Dysrhythmia
Psychic Maps - CD
Relapse 2009

Déjà le cinquième album depuis 2000 pour le groupe de Philadelphie, relocalisé désormais à New-York. Un groupe dont j'ai suivi l'histoire de loin, un œil sur leur riche discographie (un split 10'' et deux ou trois autres singles en plus à leur actif) mais l'oreille un peu sourde. Ce n'est pourtant pas faute de se taper (et d'apprécier la plupart du temps) des groupes de math-rock dans toutes les diagonales mais Dysrhythmia, en plus d'avoir un nom dont je m'y reprends toujours à trois fois avant de l'écrire correctement, c'était la goutte d'eau qui faisait déborder le vase de la complexité d'un genre confondant souvent technicité et intensité, démonstration et émotion. Dysrhythmia n'était sans doute pas pire qu'un Aleuthas… non Ahcheula… merdouille Ahleuchatistas ou un Don Caballero sous ecstasy mais allez comprendre, Dysrhythmia, c'était too much.
Pourtant, à réécouter pour l'occasion leur album précédent Barriers And Passages, j'avais bien tort. En 9 ans d'activité, le trio a su apprivoiser ces pulsions, son math-rock de malade est devenu fréquentable et cet album sorti en 2006 sur Relapse aurait mérité meilleure considération. Un must pour ceux qui l'aiment complexe tout en envoyant valser dans les cordes un rock chauffé à blanc. Mais avec ce Psychic Maps, le trio new-yorkais met la barrière encore plus haute et force le passage du math-rock. On rentre carrément dans la sphère de Flying Luttenbachers et moi, dès que j'entends cette autre référence au patronyme propice à l'erreur, le poil se dresse. Dès le titre d'ouverture Festival of popular delisions, je crois entendre le fantôme de Weasel Walter me susurrer dans le creux de l'oreille : tu vas l'avoir ta branlée et tu vas adorer.
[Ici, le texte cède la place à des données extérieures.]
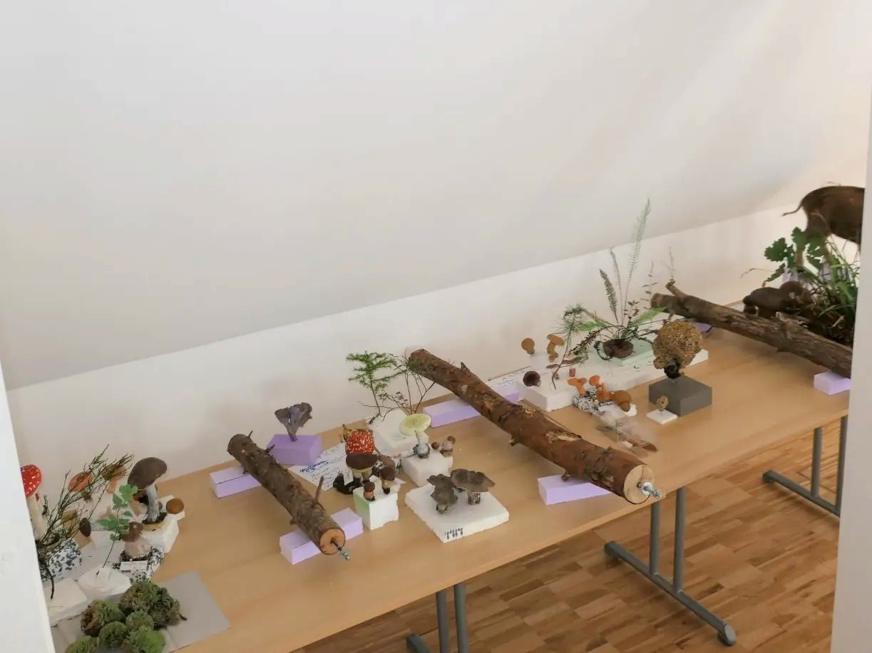 Bereichert wird die Ausstellung durch Installationen des Künstlers F. Eicher aus Bad Dürkheim. Er hat eigens für die Ausstellung Kunstobjekte kreiert, die die wissenschaftlichen und spannenden Fakten rund um das Thema Mykorrhiza auf ästhetische und künstlerische Weise beleuchten.

Bille en tête et plus direct qu'à l'accoutumée, le nouveau Dysrhythmia vous met une pression d'enfer et ne la relâchera que très rarement. Ils ne sont plus dans la fracture, ils sont cette fois ci dans la ligne droite agitée à fond les gamelles et ça fait toute la différence. Pas pour les neurones et les fragiles du crâne pour qui cette route sera toujours source de crispations irrémédiables mais elle est là cette différence, subtile et appréciable. Alors certes, les équations sont toujours présentes, mais Dysrhythmia est plus disposé à nous filer les réponses. Ou c'est juste qu'on en a plus rien à foutre des réponses. Se laisser emporter par la vague, ne plus se soucier du comment du pourquoi, lâcher les amarres. Ils vous mettent une couche d'intensité, puis une seconde, encore une autre et quand vous pensez que ce n'est pas possible d'aller plus haut, ils trouvent les ressources nécessaires pour jouer encore plus vite, frapper plus fort et finissent pas vous arracher un râle de bonheur. Mieux encore, ils se permettent des harmonies (à défaut de dire des mélodies, faut pas exagérer non plus) éclatantes, des fusées de détresse éclairantes en pleine tourmente comme sur Room of vertigo et c'est un vrai bonheur. Et des bols d'air, ils ont la judicieuse idée d'en placer un certain nombres, de mettre du relief dans un paysage jusque là aride. Neuf années pour le comprendre mais ça valait le coup d'attendre. Comme à chaque fois dans ce genre d'œuvre, on a pour finir droit au péplum. Celui-ci se nomme Lifted By Skin avec une montée extraordinaire de vélocité pendant cinq minutes vertigineuse, s'appesantir pendant trois bonnes minutes, là où le corps ne répond plus, quitte à devenir pratiquement silencieux et de subitement retrouver un second souffle et filer un dernier coup de rein qui vous emmène dans le décor. Jouissif à mort. Dysrhythmia est rentré dans le cercle très fermé des groupes qui ont su transcender le math-rock, le piétiner pour mieux le purifier, comprendre que la technicité est juste un moyen pour éclater le rock et lui faire sortir les tripes. Grandiose.